WHAT YOU SHOULD DO: Shown below are entries with pictures; the line with "Adapun artikel dari" through the line with "- Svaku kuglicu" is the span to retype exactly, and the pictures stay out.
====== RECORDS PROVIDED
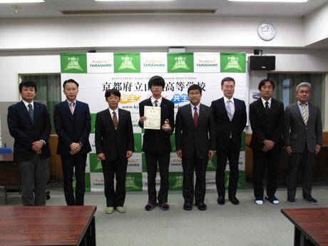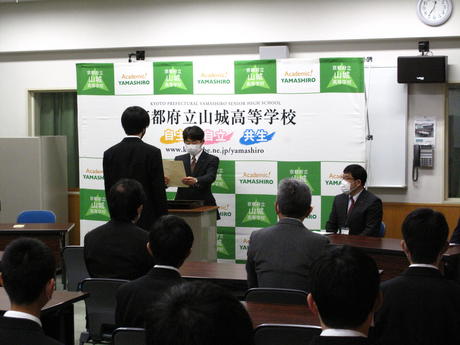 令和2年度グローバルネットワーク京都論文コンテストにおいて、2年文理総合科の八田慎之亮君の論文『包装容器等ゴミ問題の現状と解決に向けての展望』が佳作に選ばれました。今年度はグローバルネットワーク京都に参加する府立高校9校が集まり実施される交流会が中止となったため、京都府教育委員会高校教育課より4名にお越しいただき、校内で表彰式を行いました。表彰式には1・2年文理総合科の生徒をはじめとする20名程度が参加し、八田君の受賞を称えました。講評ではゴミ問題に対する提言についてオリジナリティがあることや、論文全体を通して十分な根拠が示され、論理に一貫性があることを褒めていただきました。今後も生徒達が論理的に考える力や表現力などを伸ばし、グローバル社会の一員として活躍できるようになっていって欲しいと思います。
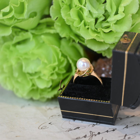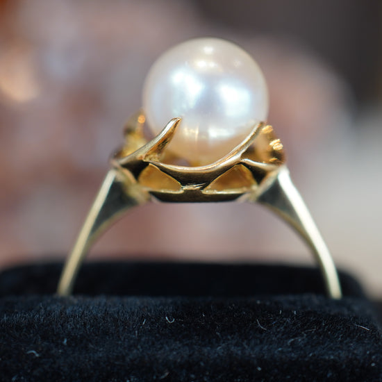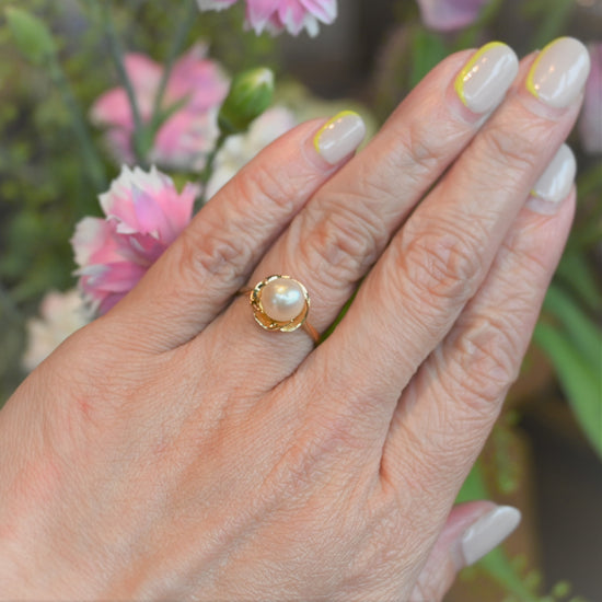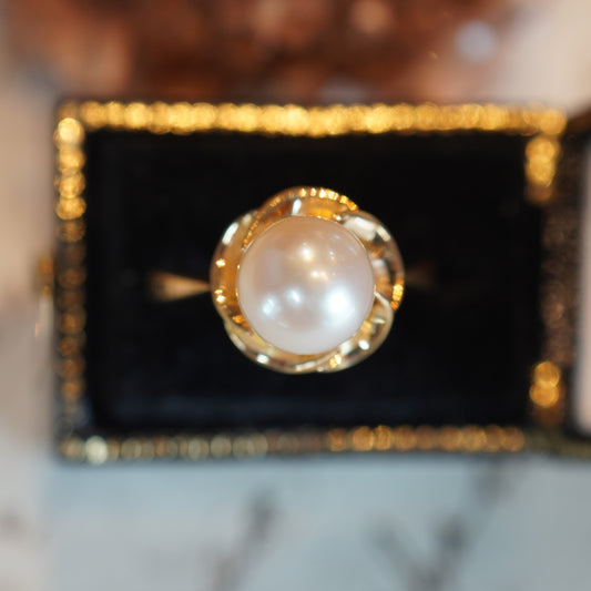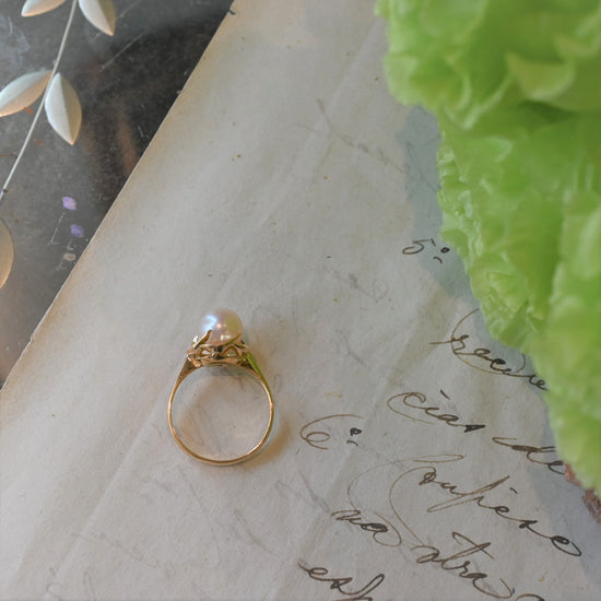 直径約8㎜のピンクかかった可愛らしいパールリング。
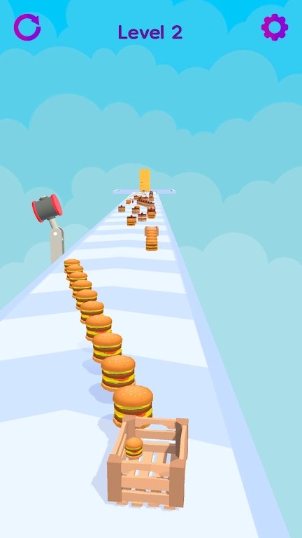2、收集到足够数量的汉堡后,玩家需要将其填充到场景中的木箱中才能完成目标并通过关卡。
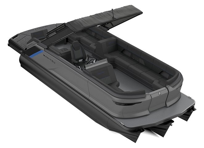 Max Deck MarineMat flooring on Max Deck, 6mm LinQ 16" Base Attachment on Max Deck Extended Bench, Port Trifold Bench w/3 in 1 Functionality Preinstalled LinQ Attachments On Top of Wall (6) Dual Rear Switchback Loungers Dual Front Loungers Integrated Cup Holders Passenger USB Charging Ports, Front and Rear Underseat Tub Storage Storage Cubbies, Side of Captain's Helm Forward Flip Seat Hinges Ski Tow Pylon Telescoping Boarding Ladder, Starboard Stern Side of Max Deck Woven Vinyl Flooring
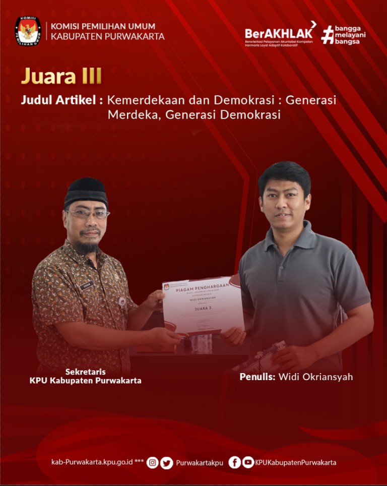 Adapun artikel dari seluruh peserta dapat secara lengkap di Website KPU Kabupaten Purwakarta pada tautan sebagai berikut:
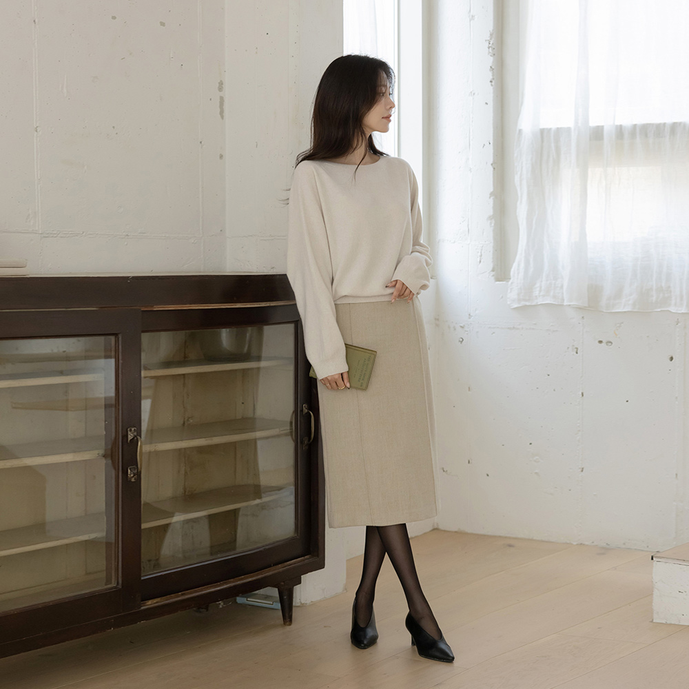 唇ネックライン Whole Garment カシミア&ウール ニット
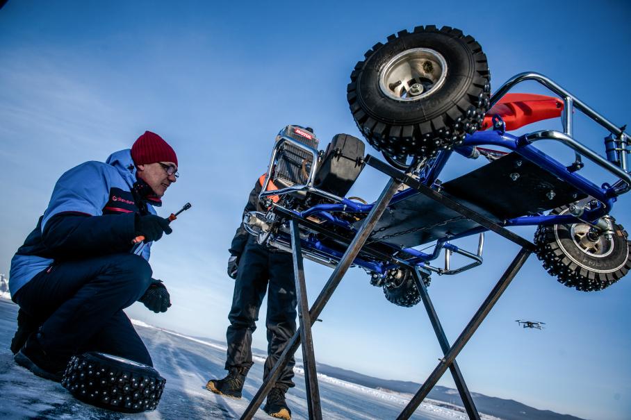 На фоне колосса забавно смотрелись картингисты — многократный призер республиканских соревнований по картингу и автокроссу, тренер сборной Иркутска по картингу Стас Лыжин и двухкратная рекордсменка России, студентка Высшей Школы Экономики Маруся Леонтьева.
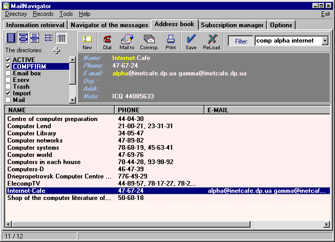 Information in the address book is grouped into directories, which, just like the mail files in the message navigator, could be selected for review simultaneously.
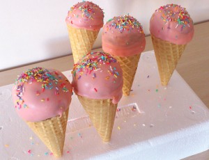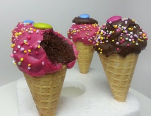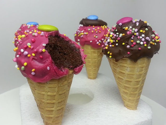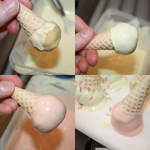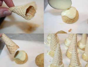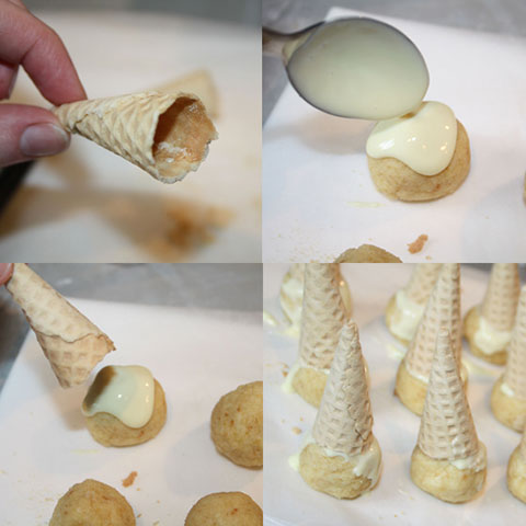 - Svaku kuglicu umočite malo u čokoladu i učvrstite u kornet.
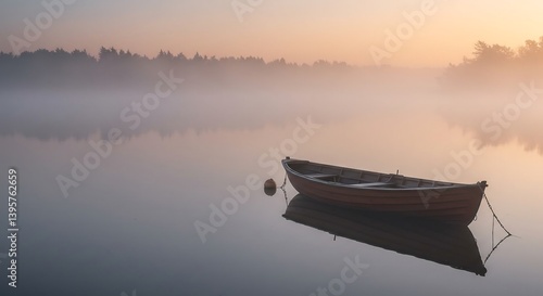 Boat Floating on Misty Lake at Sunrise with Calm Reflections
============
SOLUTION BELOW:
 Adapun artikel dari seluruh peserta dapat secara lengkap di Website KPU Kabupaten Purwakarta pada tautan sebagai berikut:
 唇ネックライン Whole Garment カシミア&ウール ニット
 На фоне колосса забавно смотрелись картингисты — многократный призер республиканских соревнований по картингу и автокроссу, тренер сборной Иркутска по картингу Стас Лыжин и двухкратная рекордсменка России, студентка Высшей Школы Экономики Маруся Леонтьева.
 Information in the address book is grouped into directories, which, just like the mail files in the message navigator, could be selected for review simultaneously.
 - Svaku kuglicu umočite malo u čokoladu i učvrstite u kornet.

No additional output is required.